RHYME AND REASON

Giles Harvey considers whether poetry still has a place in the whirlwind world of mass media communication.

…Many have noticed how the emotional miserliness of Bishop’s poetry – that clenched stoical tone that goes on and on accruing interest with each successive reading – distinguishes her from Lowell, Jarrell, Berryman, and those other writers whose passion seems rather spent now. But Bishop’s singularity becomes even more pronounced when viewed within the wider context of our culture’s taste for comprehensive effusion, on talk shows, reality TV, in confessional memoirs, and all those widely disseminated activities that take suffering – and its lachrymose declaration – as the guarantor of authenticity.
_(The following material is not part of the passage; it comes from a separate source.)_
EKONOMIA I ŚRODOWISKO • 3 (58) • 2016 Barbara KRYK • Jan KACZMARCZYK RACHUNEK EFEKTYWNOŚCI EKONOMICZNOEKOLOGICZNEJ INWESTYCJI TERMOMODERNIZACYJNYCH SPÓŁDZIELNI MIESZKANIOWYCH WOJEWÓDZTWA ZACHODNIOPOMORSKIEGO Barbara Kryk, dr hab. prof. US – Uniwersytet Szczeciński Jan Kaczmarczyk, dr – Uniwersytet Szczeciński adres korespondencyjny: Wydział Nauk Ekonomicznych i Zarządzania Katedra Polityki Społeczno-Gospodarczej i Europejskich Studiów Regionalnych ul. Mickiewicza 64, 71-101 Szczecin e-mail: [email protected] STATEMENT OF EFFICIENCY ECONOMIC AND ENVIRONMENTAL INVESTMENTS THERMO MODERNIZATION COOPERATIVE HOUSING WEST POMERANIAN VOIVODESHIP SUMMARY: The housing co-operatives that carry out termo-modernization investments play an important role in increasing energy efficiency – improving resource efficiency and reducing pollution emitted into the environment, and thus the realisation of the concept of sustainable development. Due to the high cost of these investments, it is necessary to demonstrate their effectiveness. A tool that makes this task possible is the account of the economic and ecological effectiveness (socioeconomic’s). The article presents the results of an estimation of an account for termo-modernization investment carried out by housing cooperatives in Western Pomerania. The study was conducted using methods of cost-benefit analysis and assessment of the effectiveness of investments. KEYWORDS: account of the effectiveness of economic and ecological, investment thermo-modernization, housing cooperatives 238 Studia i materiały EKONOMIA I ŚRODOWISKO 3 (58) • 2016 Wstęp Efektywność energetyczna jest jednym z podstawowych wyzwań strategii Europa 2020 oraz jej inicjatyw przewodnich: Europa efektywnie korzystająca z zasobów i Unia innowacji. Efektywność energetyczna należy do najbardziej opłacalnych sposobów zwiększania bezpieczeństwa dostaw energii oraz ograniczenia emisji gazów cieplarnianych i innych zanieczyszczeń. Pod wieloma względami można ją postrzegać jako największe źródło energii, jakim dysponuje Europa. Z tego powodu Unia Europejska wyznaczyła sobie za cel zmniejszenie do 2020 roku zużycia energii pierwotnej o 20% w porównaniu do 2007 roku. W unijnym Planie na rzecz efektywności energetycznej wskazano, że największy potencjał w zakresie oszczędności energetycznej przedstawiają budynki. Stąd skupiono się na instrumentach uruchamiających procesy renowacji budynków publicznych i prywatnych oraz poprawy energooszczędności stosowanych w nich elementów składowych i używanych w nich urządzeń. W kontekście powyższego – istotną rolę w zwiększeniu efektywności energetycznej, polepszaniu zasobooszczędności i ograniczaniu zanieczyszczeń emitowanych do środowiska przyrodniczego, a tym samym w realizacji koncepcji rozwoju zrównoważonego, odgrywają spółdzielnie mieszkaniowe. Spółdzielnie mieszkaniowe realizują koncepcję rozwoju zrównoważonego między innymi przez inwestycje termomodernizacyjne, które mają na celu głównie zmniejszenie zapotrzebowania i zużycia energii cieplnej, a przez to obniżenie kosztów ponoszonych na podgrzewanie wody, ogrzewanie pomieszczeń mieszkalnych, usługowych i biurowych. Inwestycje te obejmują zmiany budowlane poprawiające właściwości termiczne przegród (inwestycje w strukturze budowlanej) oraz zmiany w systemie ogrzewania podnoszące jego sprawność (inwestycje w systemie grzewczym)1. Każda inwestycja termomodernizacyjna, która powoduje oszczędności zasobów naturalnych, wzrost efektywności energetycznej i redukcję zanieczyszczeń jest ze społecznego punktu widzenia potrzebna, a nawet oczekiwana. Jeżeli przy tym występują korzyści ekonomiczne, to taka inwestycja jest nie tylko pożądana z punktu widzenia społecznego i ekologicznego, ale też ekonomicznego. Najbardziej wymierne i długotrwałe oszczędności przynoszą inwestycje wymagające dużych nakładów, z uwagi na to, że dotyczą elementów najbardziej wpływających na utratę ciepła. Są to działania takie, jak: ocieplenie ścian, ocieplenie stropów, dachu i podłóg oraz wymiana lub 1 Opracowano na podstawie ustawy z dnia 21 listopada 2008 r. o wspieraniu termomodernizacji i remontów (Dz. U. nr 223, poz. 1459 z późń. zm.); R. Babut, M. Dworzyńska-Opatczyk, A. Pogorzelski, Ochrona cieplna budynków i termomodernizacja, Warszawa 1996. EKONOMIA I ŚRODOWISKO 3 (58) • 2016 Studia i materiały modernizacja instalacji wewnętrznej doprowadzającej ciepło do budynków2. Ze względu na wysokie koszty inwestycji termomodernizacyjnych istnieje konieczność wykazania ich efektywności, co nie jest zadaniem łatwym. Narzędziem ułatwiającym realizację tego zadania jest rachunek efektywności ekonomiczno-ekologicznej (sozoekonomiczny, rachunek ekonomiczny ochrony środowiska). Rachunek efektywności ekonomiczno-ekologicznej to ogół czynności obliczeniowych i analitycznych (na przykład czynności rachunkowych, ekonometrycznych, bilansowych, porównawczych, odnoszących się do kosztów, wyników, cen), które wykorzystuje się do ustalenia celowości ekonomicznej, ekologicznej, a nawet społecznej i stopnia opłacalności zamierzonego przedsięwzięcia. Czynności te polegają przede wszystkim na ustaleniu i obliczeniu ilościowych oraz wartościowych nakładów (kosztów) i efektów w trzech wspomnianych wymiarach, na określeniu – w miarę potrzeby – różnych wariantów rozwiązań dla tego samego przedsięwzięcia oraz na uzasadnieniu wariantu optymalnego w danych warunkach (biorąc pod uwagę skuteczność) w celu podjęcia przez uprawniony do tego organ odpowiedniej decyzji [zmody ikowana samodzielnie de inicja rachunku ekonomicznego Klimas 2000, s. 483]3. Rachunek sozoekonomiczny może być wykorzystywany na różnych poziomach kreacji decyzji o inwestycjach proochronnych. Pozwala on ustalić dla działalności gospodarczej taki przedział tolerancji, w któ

Television provides an ample platform for an apparently inexhaustible pool of individuals who want to cry and get upset in front of a large number of people. Of course, the effect of being so constantly exposed to other people’s unhappiness – recent talking points on The Jerry Springer Show have included ‘I’m a Teen Call Girl’, ‘Our Brother is a Pimp’ and ‘My Step-Father Abused Me’ – is not to cultivate but to retard sympathy. The precariousness of such a tendency hardly needs to be stated: if we lose the capacity to sympathize with others (and coming to recognize that other people exist and have an inner life must be one of the most strenuous imaginative activities out there) then it becomes dangerously easy to be complacent or cruel or to blow up distant countries.